Stored dataset items:
━━━━━━━━━━

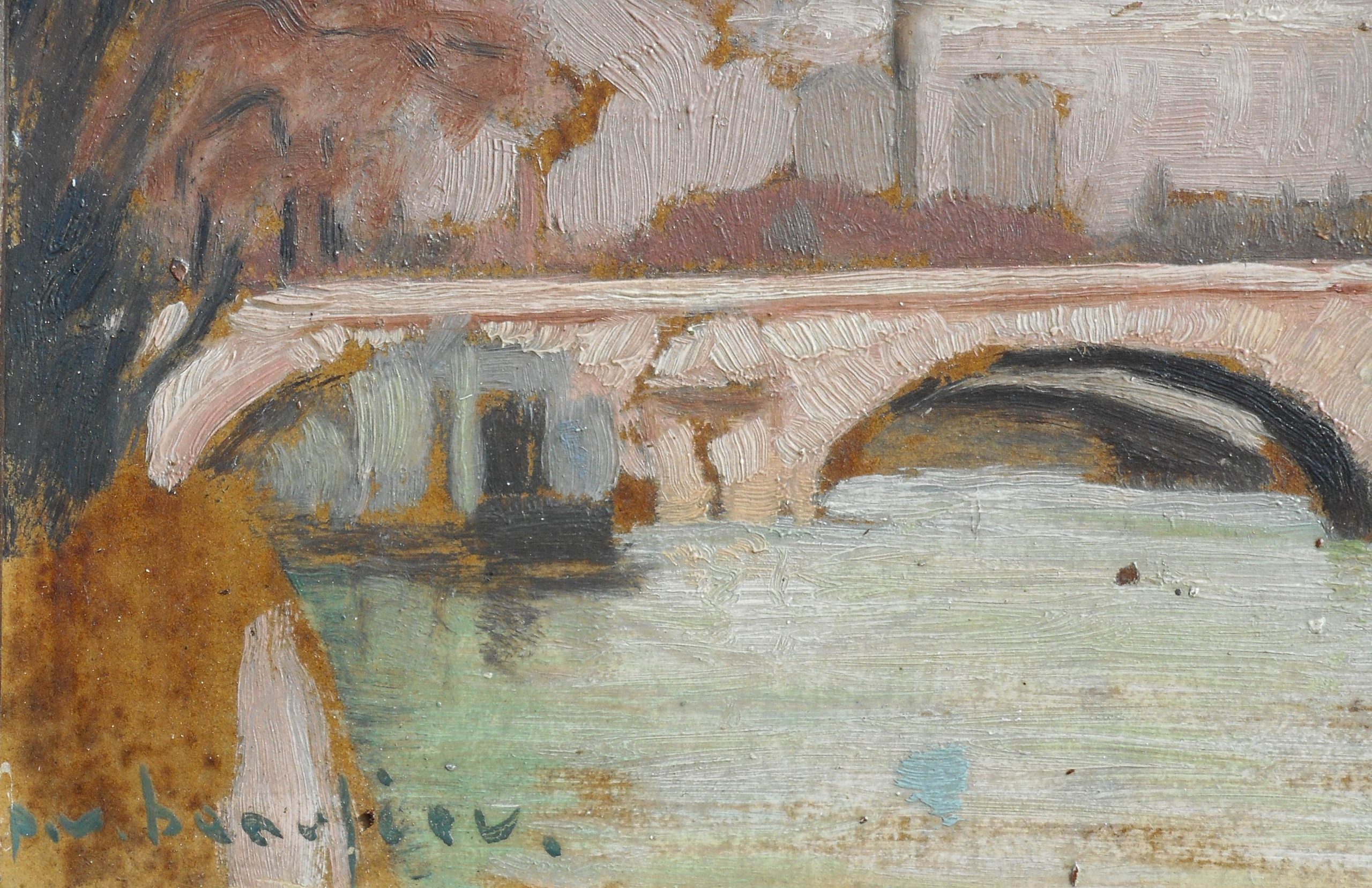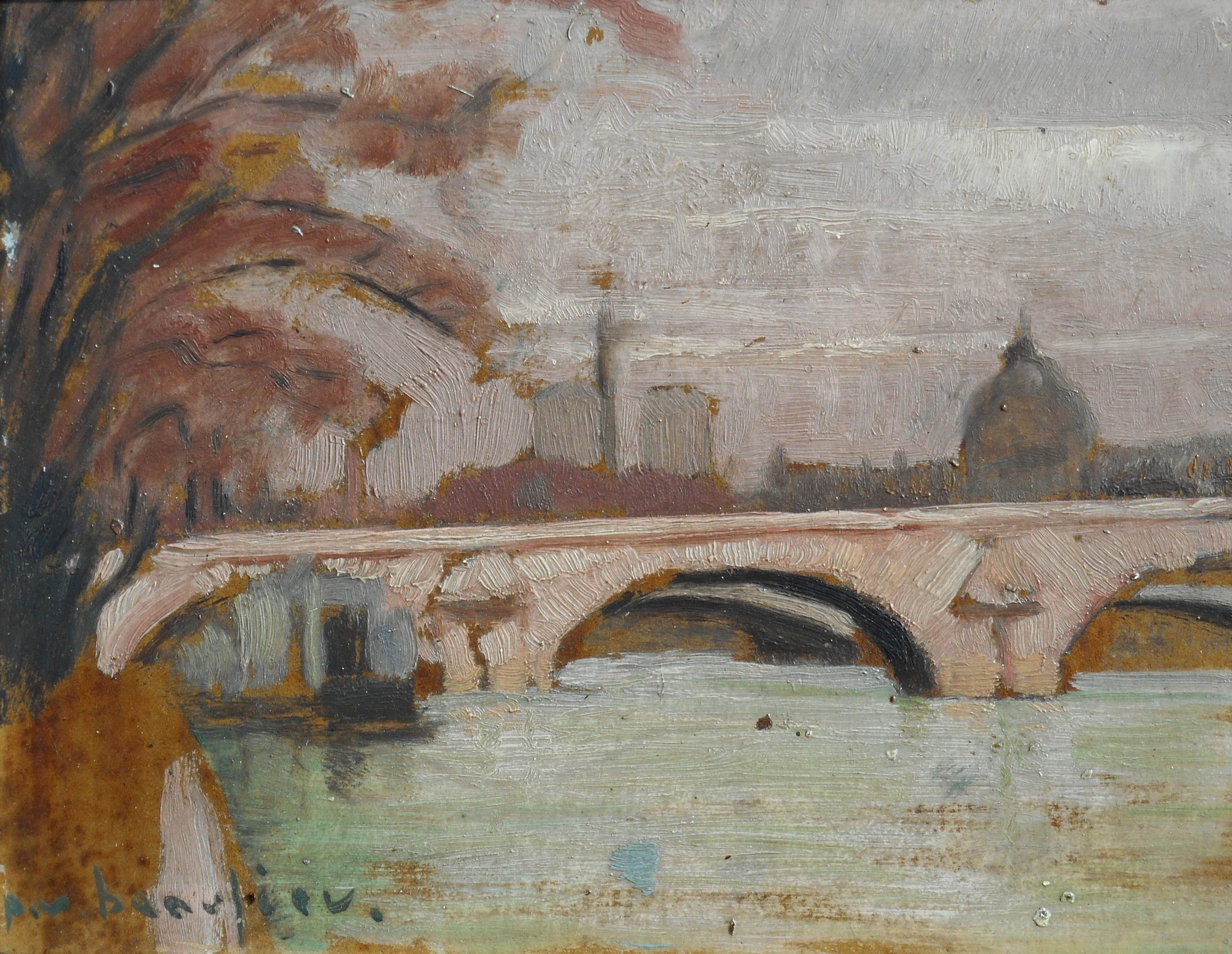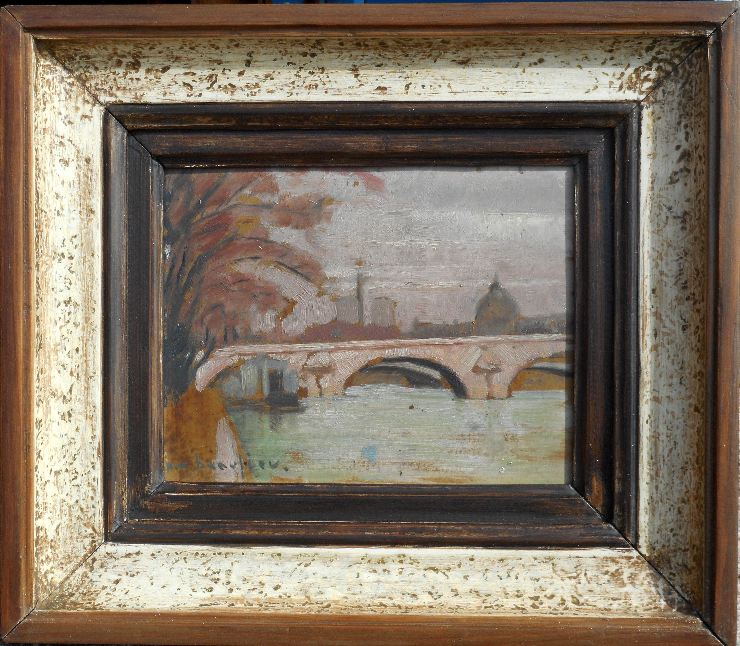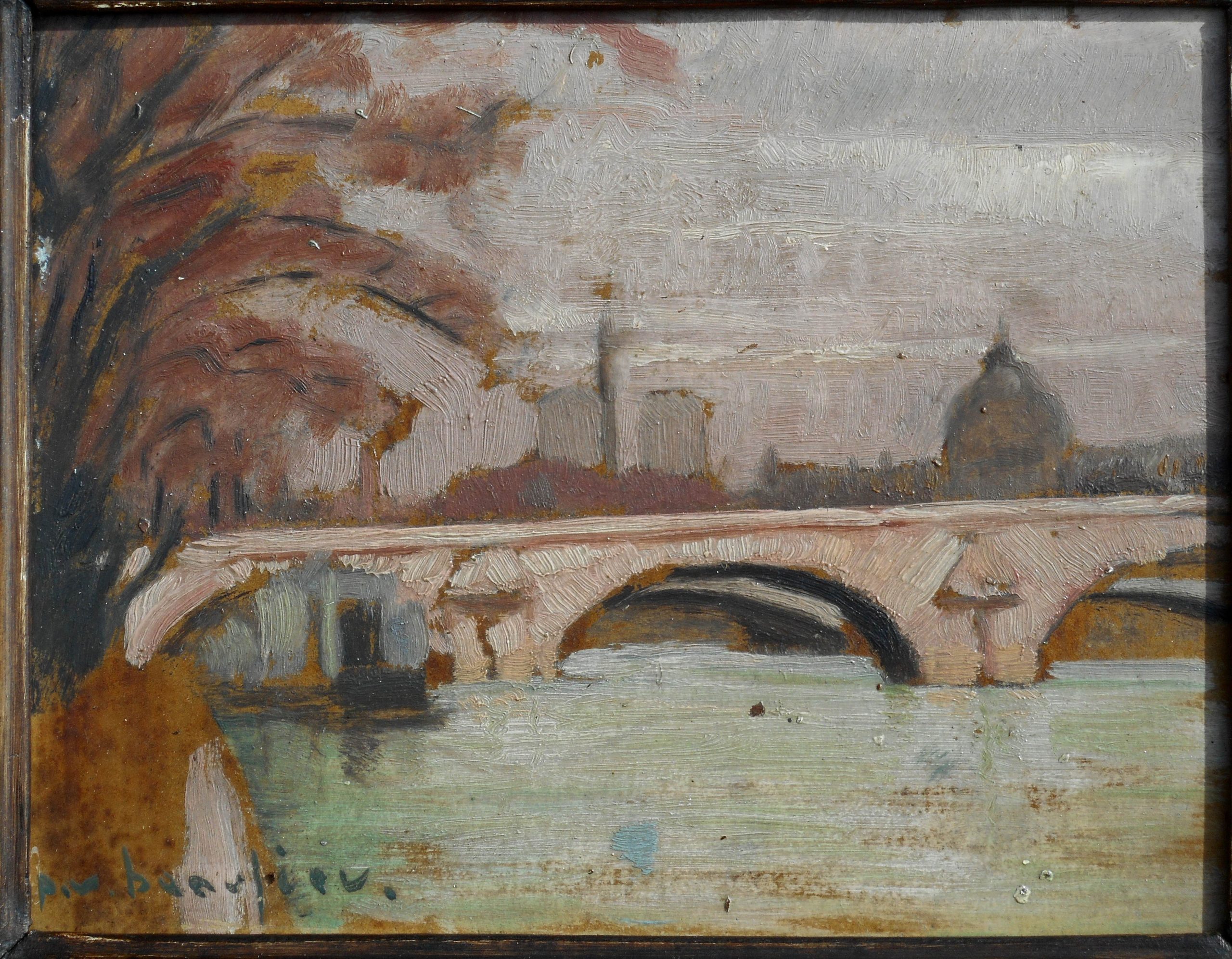 Superbe et rare huile sur panneau bois 14 x 18 cm ( 26 x 36 cm encadrée) signée Paul-Vanier BEAULIEU (1910- 1996) , contresignée au dos et située PARIS – le pont royal – mars 1940)
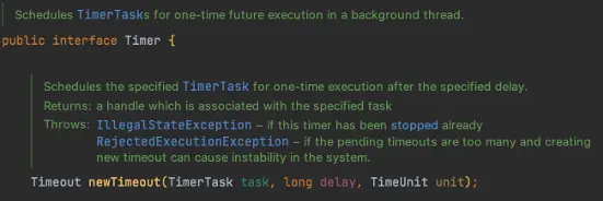首先是 Timer 接口,這個一個調度的核心接口,主要用於後台的一次性調度,我們僅介紹 newTimeOut 方法,這個方法就是把一個任務扔給調度器執行,第一個參數類型 TimerTask,即需要執行的任務。
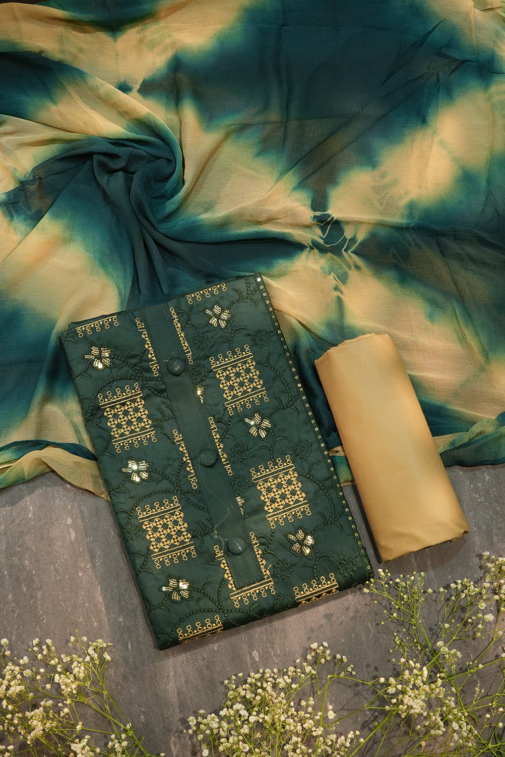 Forest Green Zari Work Suit Material with Shaded Shibori Dupatta
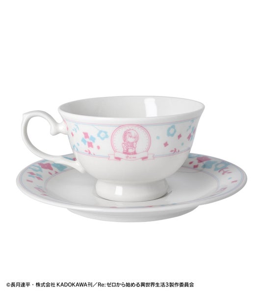 レム、ラムのイラストと、花と髪飾りのモチーフをボタニカルデザインに落とし込んで繊細なタッチで新たに描き起こし、カップ&ソーサーに仕上げました。
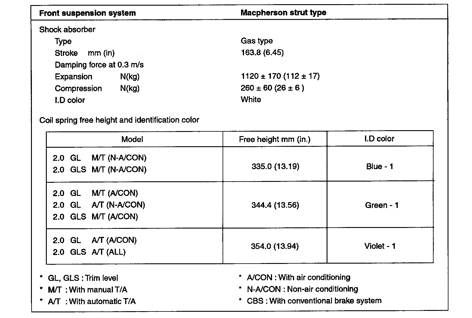 NOTE: Difference between left and right camber angle is within 0°30'. Difference between left and right caster angle is also within 0°30'.
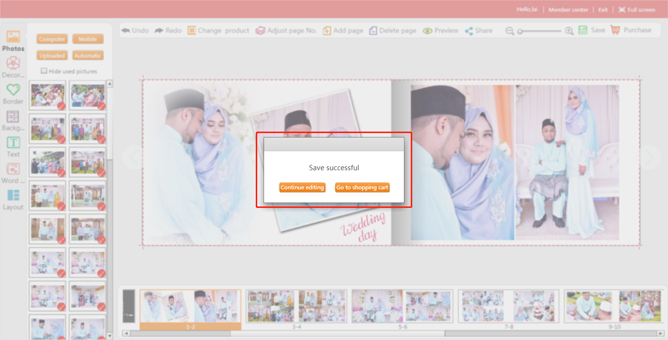 After designing the work, click the “Save” button in the lower right corner to save your works into your member center and add to the shopping cart to place an order.
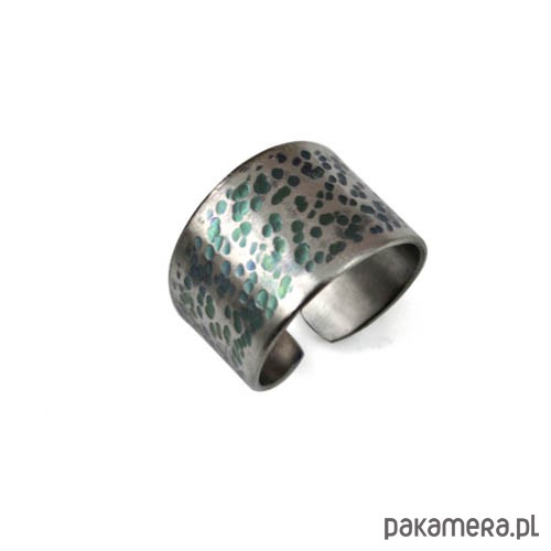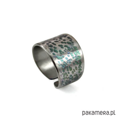 Szeroka ,lekka obrączka zrobiona ręcznie w całości z anodowanego tytanu. W odcieniach zieleni.Bardzo wygodna w noszeniu i trwała.Sygnowana wygrawerowanym autografem. Wymiary-regulowana-wyjściowo Rozmiar jubilerski: EU- #14/GR- #N Wewnętrzna średnica:17,0 mm Szerokość ; 1,4 cm Waga:2,0 grama .Wykonam podobną w innym rozmiarze.Wykorzystane materiały Tytan jest niezwykle lekkim i trwałym metalem który nie wywołuje żadnych alergii-jest hipoalergiczny- stosowany w chirurgii i stomatologii. Odporny na działanie chemikaliów. Anodowany pokrywa się trwałymi tlenkami.
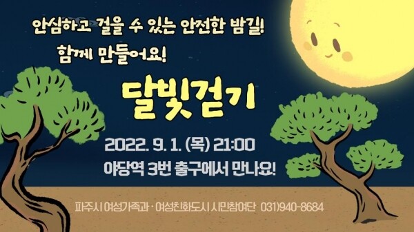 달빛걷기는 2022년 양성평등 주간을 기념해 실시하는 행사로 9월 1일 저녁 9시에 여성친화도시 시민참여단과 함께 진행된다.
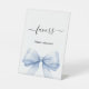 Fondo blanco elegante, decorado con un lazo azul grande. Texto: Favor. ¡Por favor, tome uno!
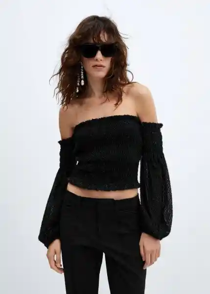 Colección Fiesta y Ceremonia Detalles de Lúrex Diseño Crop Diseño Entallado Hombros Descubiertos Manga Abullon...Ver más
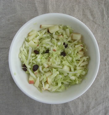 1.キャベツは千切り、リンゴは薄いいちょう切り。
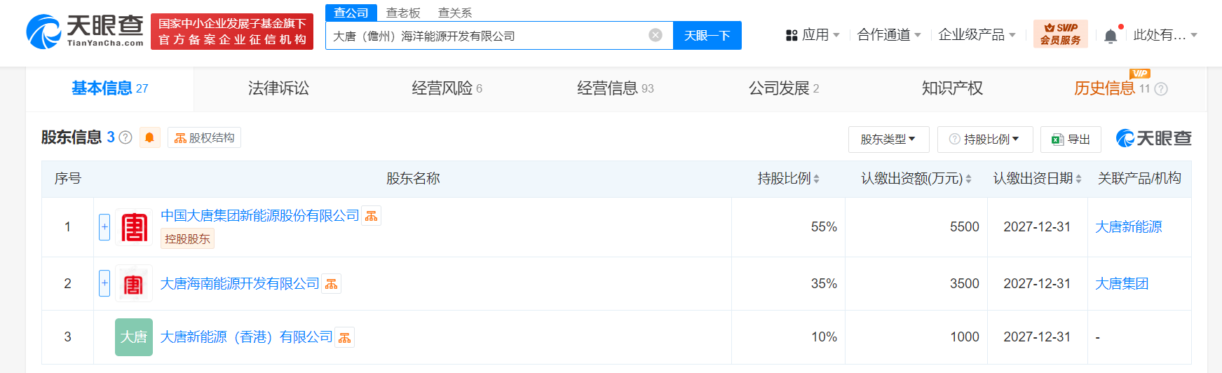 该公司成立于今年1月,法定代表人为张新宇,经营范围含输电业务、供(配)电业务,风力发电技术服务,风电场相关系统研发,海上风电相关系统研发,储能技术服务等。股东信息显示,该公司由中国大唐集团旗下大唐新能源(HK.01798)、大唐海南能源开发有限公司、大唐新能源(香港)有限公司共同持股。

━━━━━━━━━━

In the answer, include exactly the lines from the one containing "Szeroka ,lekka obrączka" through the end of the records above and no pictures at all.

 Szeroka ,lekka obrączka zrobiona ręcznie w całości z anodowanego tytanu. W odcieniach zieleni.Bardzo wygodna w noszeniu i trwała.Sygnowana wygrawerowanym autografem. Wymiary-regulowana-wyjściowo Rozmiar jubilerski: EU- #14/GR- #N Wewnętrzna średnica:17,0 mm Szerokość ; 1,4 cm Waga:2,0 grama .Wykonam podobną w innym rozmiarze.Wykorzystane materiały Tytan jest niezwykle lekkim i trwałym metalem który nie wywołuje żadnych alergii-jest hipoalergiczny- stosowany w chirurgii i stomatologii. Odporny na działanie chemikaliów. Anodowany pokrywa się trwałymi tlenkami.
 달빛걷기는 2022년 양성평등 주간을 기념해 실시하는 행사로 9월 1일 저녁 9시에 여성친화도시 시민참여단과 함께 진행된다.
 Fondo blanco elegante, decorado con un lazo azul grande. Texto: Favor. ¡Por favor, tome uno!
 Colección Fiesta y Ceremonia Detalles de Lúrex Diseño Crop Diseño Entallado Hombros Descubiertos Manga Abullon...Ver más
 1.キャベツは千切り、リンゴは薄いいちょう切り。
 该公司成立于今年1月,法定代表人为张新宇,经营范围含输电业务、供(配)电业务,风力发电技术服务,风电场相关系统研发,海上风电相关系统研发,储能技术服务等。股东信息显示,该公司由中国大唐集团旗下大唐新能源(HK.01798)、大唐海南能源开发有限公司、大唐新能源(香港)有限公司共同持股。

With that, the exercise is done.